Because of increased financial stress and anxiety, domestic violence rates increased significantly during pandemic lockdowns.[1] Unfortunately, the domestic violence rate has continued to increase since 2020. The exact rate of increase varies, largely depending on who you ask.
Other things are more certain in this area. For example, domestic violence usually has criminal and civil consequences. Most law enforcement agencies have mandatory arrest policies. If officers suspect domestic violence occurred, the aggressor immediately goes to jail. Additionally, officers must usually inform victims of their right to obtain a protective order in civil court.
As the rate of domestic violence increases, the role of a Rochester criminal defense lawyer remains the same. Both parties have important legal rights in this area. Alleged victims have the right to seek protection, and defendants have the right to present their side of the story. An attorney is a strong voice for defendants in criminal and civil court cases.
Domestic Battery
Usually, domestic battery is a misdemeanor in New York. When possible, prosecutors enhance these charges to aggravated assault, a felony. The matter usually goes to a designated domestic violence court in both cases. Prosecutors in these courts have special training and, in many cases, access to additional resources.
Elements of the Case
Misdemeanor domestic battery is basically a harmful or offensive touch. Furthermore, the alleged victim must be in a protected class. Almost all domestic battery cases involve husbands and wives or estranged husbands and wives. Other protected classes include two people who are related by blood or marriage and current or former dating partners.
There’s a difference between a physical injury and a harmful or offensive touch. Domestic battery charges could hold up in court even if the alleged victim wasn’t physically injured. An injury just makes it easier for prosecutors to establish the intent element.

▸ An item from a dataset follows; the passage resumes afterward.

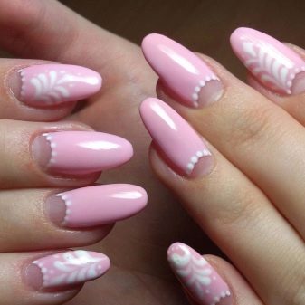 A aquells que estan cansats de tècniques tradicionals els agradarà la idea d’una manicura anomenada “vel”. Una base translúcida amb un patró pintat amb pintura acrílica es veurà increïblement suau i femenina. L’essència sencera d’aquesta tècnica és aconseguir una base translúcida, per a la qual s’utilitza un poliment de gel transparent i algunes gotes de pigment rosat. Com més fosc sigui el to del color original, més intens serà l'efecte de les mitges de vel o niló.

Usually, aggravated domestic battery involves a weapon or a serious injury. Almost any solid object that’s larger than a toothpick could be a weapon in this context. The serious injury must usually be something bad enough to put the alleged victim in the hospital.
Resolving the Case
Lack of evidence, specifically issues with the complaining witness, is usually the best defense against both kinds of domestic battery.
Technically, an alleged victim is a material witness. Therefore, the alleged victim cannot drop criminal charges. However, if the alleged victim refuses to cooperate, things get very tough for prosecutors. Typically, they can either subpoena the alleged victim and force him/her to testify or use an obscure loophole in the hearsay rule to admit part of the police report into evidence. Both these things are very rare. Usually, prosecutors would rather drop the matter and offer a favorable plea deal.

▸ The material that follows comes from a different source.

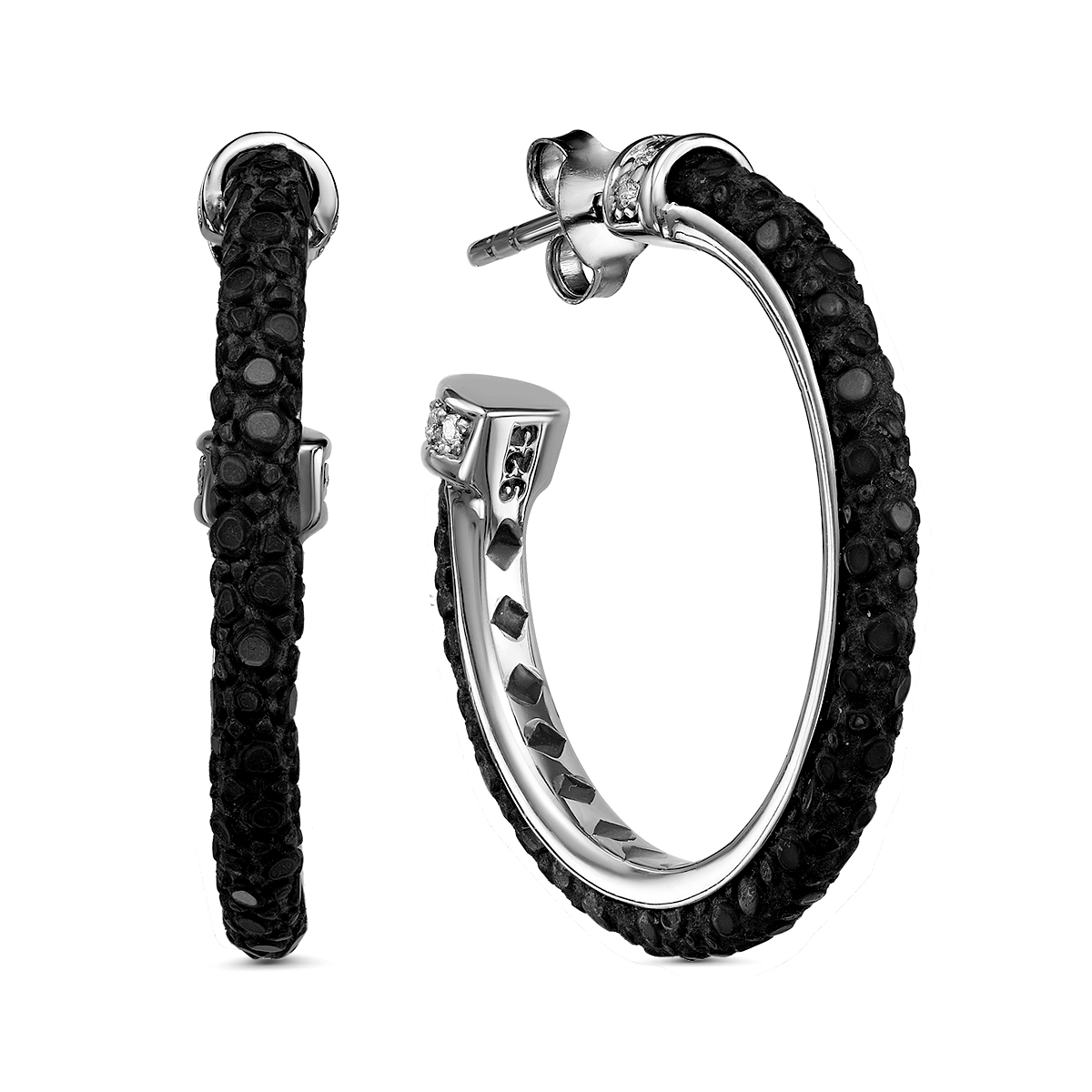 Серьги-пусеты из серебра с кожей ската, эмалью и куб.цирконием родированные

This arrangement usually involves reduced charges, like reducing aggravated assault to ordinary assault, or a reduced sentence, typically probation. Since domestic violence courts usually handle these cases, the conditions of probation often include anger management and other such classes.
Protective Orders and Rochester Criminal Defense Lawyers
Many states have civil and criminal protective orders. Civil orders are usually broader than criminal orders. Only criminal protective orders are available in New York. If an alleged victim cannot find a criminal judge, a civil judge may issue a protective order, but these orders are only valid for four days.

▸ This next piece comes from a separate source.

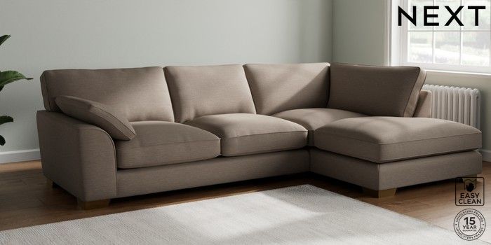 7.3.1 Buy Stamford Grand Relaxed Sit Large Corner Chaise - Right Hand Fine Chenille Easy Clean Mid Taupe Brown Large Square Angle - Brushed Brass from the Next UK online shop Click here to use our accessible website

Types of Protective Orders
A judge may grant a temporary protective order based solely on the alleged victim’s affidavit. This order is usually a bare-bones order containing a keep-away order and an anti-stalking order. Judges may include other provisions based on good cause, such as an order excluding a defendant from a shared residence.
Temporary protective orders are valid until the defendant is served with the order and appears in court. Following a full hearing, a judge may grant a final protective order. These orders last for up to two years unless the alleged victim proves aggravating circumstances, such as:
Defendant’s injury of other people in the household.
An aggravating circumstances protective order could last up to five years in New York. Permanent protective orders often include additional provisions as well, such as financial support orders and firearms surrender mandates.
Protective Order Defense
Lack of evidence is also a defense in these matters. Obviously, the alleged victim is willing to press the issue. However, the alleged victim’s testimony might be tainted. For example, many alleged victims were drinking at the time of the incident. Memory and perception are question marks in these situations. Other times, a parallel proceeding is ongoing in family court. Very few alleged victims fabricate stories to gain leverage in a family court proceeding, but these things do happen.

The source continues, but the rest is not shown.